28/07/2010

Piegas, brega, cafona. Mas de verdade.

Sei que meu último post sobre a Elza Soares não fez muito sucesso.
Mas não poderia me fingir de indiferente depois de assitir um show dessa... diva!

É doído ver Elza no palco e poltronas vazias no teatro. Fosse em qualquer outro lugar do mundo, estaria no alto de pedestal, intocável, para ser contemplada.

Dói ainda mais ver ainda hoje a marca do preconceito, que a acompanhou por toda uma vida. Elza, que abdicou da sua carreira no auge para salvar a vida do homem que amava, vítima do álcool, persiste sendo rotulado como 'a mulher que desviou Garrinhca do caminho'. Ignorância e preconceito que me indignam.

Ela é aquele tipo de pessoa que tinha tudo para dar errado - mulher, negra, pobre, mãe de família ainda na adolescência. Mas Elza deu certo.


O título de cantora do milênio, concedido pela BBC de Londres, é só um detalhe, uma prova (como se precisasse!) de que, sim, estamos diante de uma entidade da Música Popular Brasileira. Mais: uma artista símbolo da resistência, da coragem, do talento que derruba barreiras. Uma mulher que fez o melhor que pode com o dom que Deus lhe deu.

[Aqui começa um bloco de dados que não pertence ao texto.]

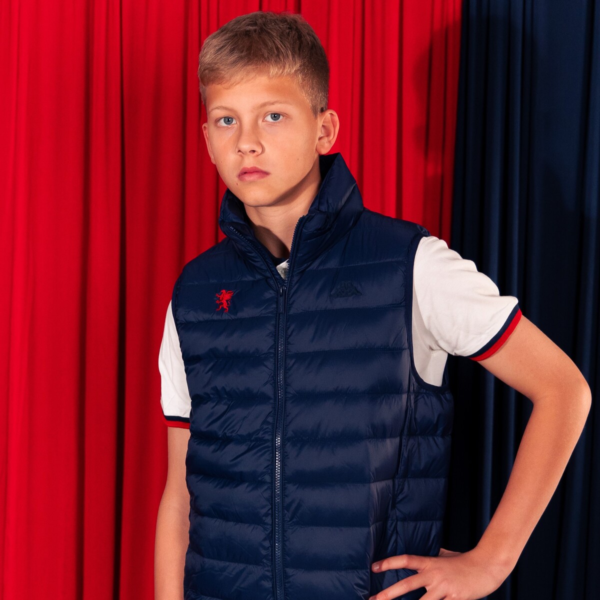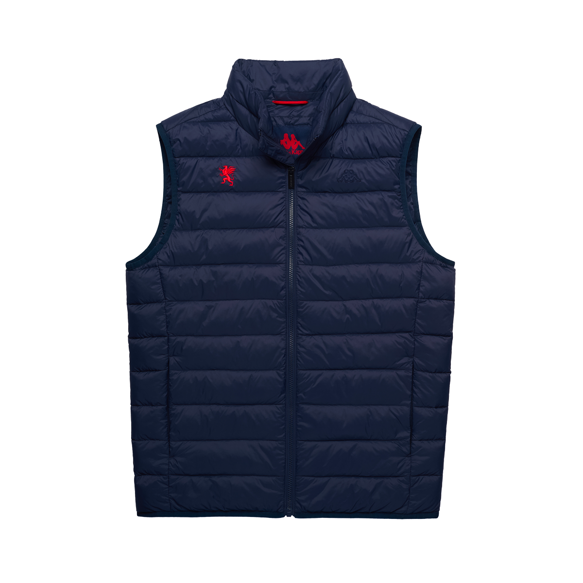 Tessuto in in nylon con imbottitura 100 gr. Chiusura frontale con zip. Logo omini in silicone applicato sul petto, personalizzazioni Genoa.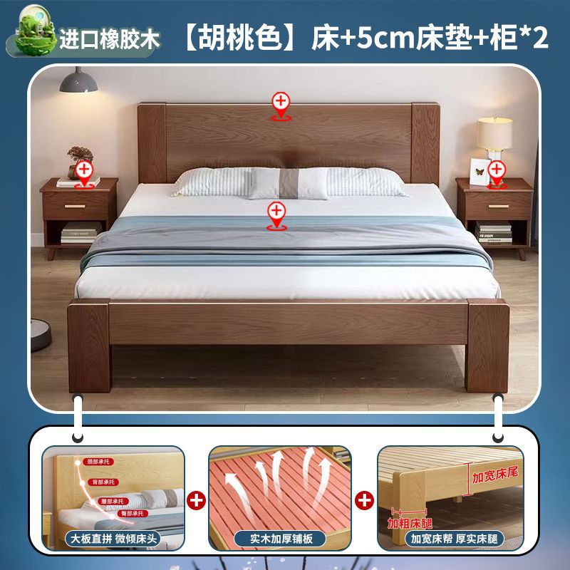 • 丨 바니시 컬러 원목 침대 + 5cm 매트 + 캐비닛 * 2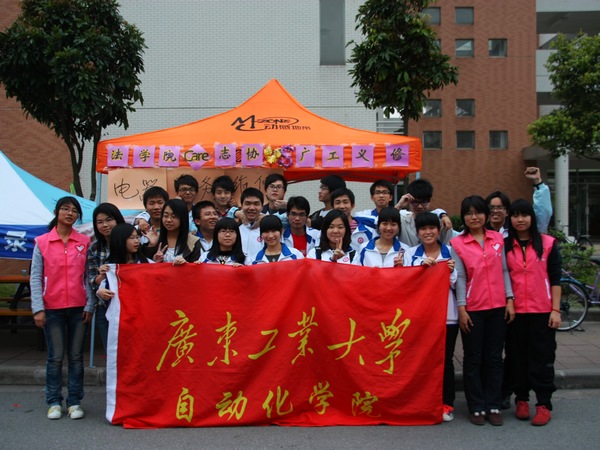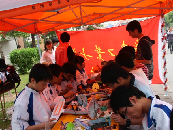 活动中,广外法学院CARE志协的志愿者主要负责宣传工作,广工自动化学院学生会实践部的志愿者们则安静地坐在帐篷内: 女生们负责登记故障电器主人的相关信息和通知已修好电器和电器无法维修好的主人前来领回电器,男生们则埋头修理同学们拿过来的故障电器,十分专注。期间除了有师生拿着台灯、风筒、电饭煲等故障电器来维修外,还有不少同学前来质询关于日常电器的使用和维护的问题,广工的志愿者们都一一耐心地回答。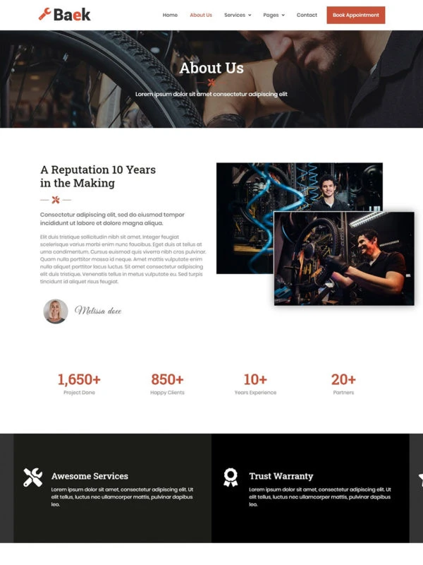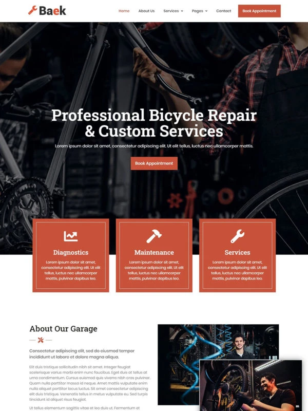 Bicycle Repair Website Template – Elementor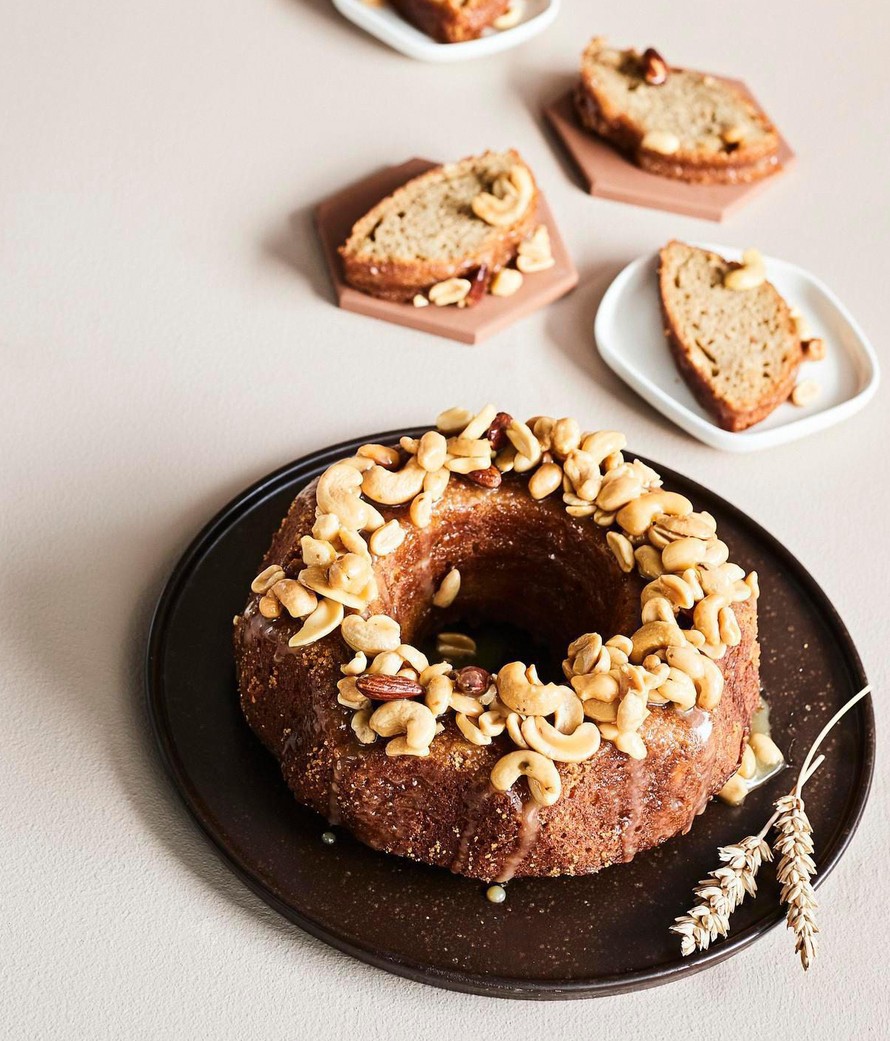 Ripaus suolaa saa makean banaanikakun loistamaan. Tähän kakkuun se lisätään suolapähkinöiden muodossa.

Quando o show terminou e entrei no camarim, não estava com câmera nem nada para registrar. E nem queria. Na verdade, preferia que nada me distraísse daquele momento. De frente com Elza, me apressei em dizer apenas uma coisa, que minutos antes tinha enviado pela Bia ao celular. Piegas, como qualquer declaração apaixonada. Apaixonada e verdadeira, devo advertir:

"Esse show mudou minha vida"

E a diva, a cantora do milênio, a entidade, a menina de Água Santa, a estrela da minha Mocidade Independente, a bossa negra, a feiticeira do ritmo... fez uma pergunta simples, mas bastante interessada. Apesar de óbvia, confesso que não esperava:

"Por que?"

E eu, depois de tropeçar nas palavras, embargar a voz, encontrei as palavras que melhor respondiam aquela pergunta. Encontrei, em uma frase, uma síntese do que foi a noite. Uma explicação possível para tudo que vivi naqueles 60 minutos:

"Porque alguma coisa que saiu daí, tocou aqui"

2 comentários:

Gabriel Araujo disse...

Não sei se fosse fora se colocariam pedestal não... vide exemplos como Michael Jackson ou a própria Witney Houston, grandes no que fazem/faziam só pra citar, mas que ficaram servindo de pauta pra tabloide... é o mundo do descartável meu amigo.

Giovana Damaceno disse...

Exatamente pelos motivos citados nos dois posts é que ela só faz sucesso fora do Brasil. Experimente ouvir os canais de jazz da sofisticada AccuRadio.com.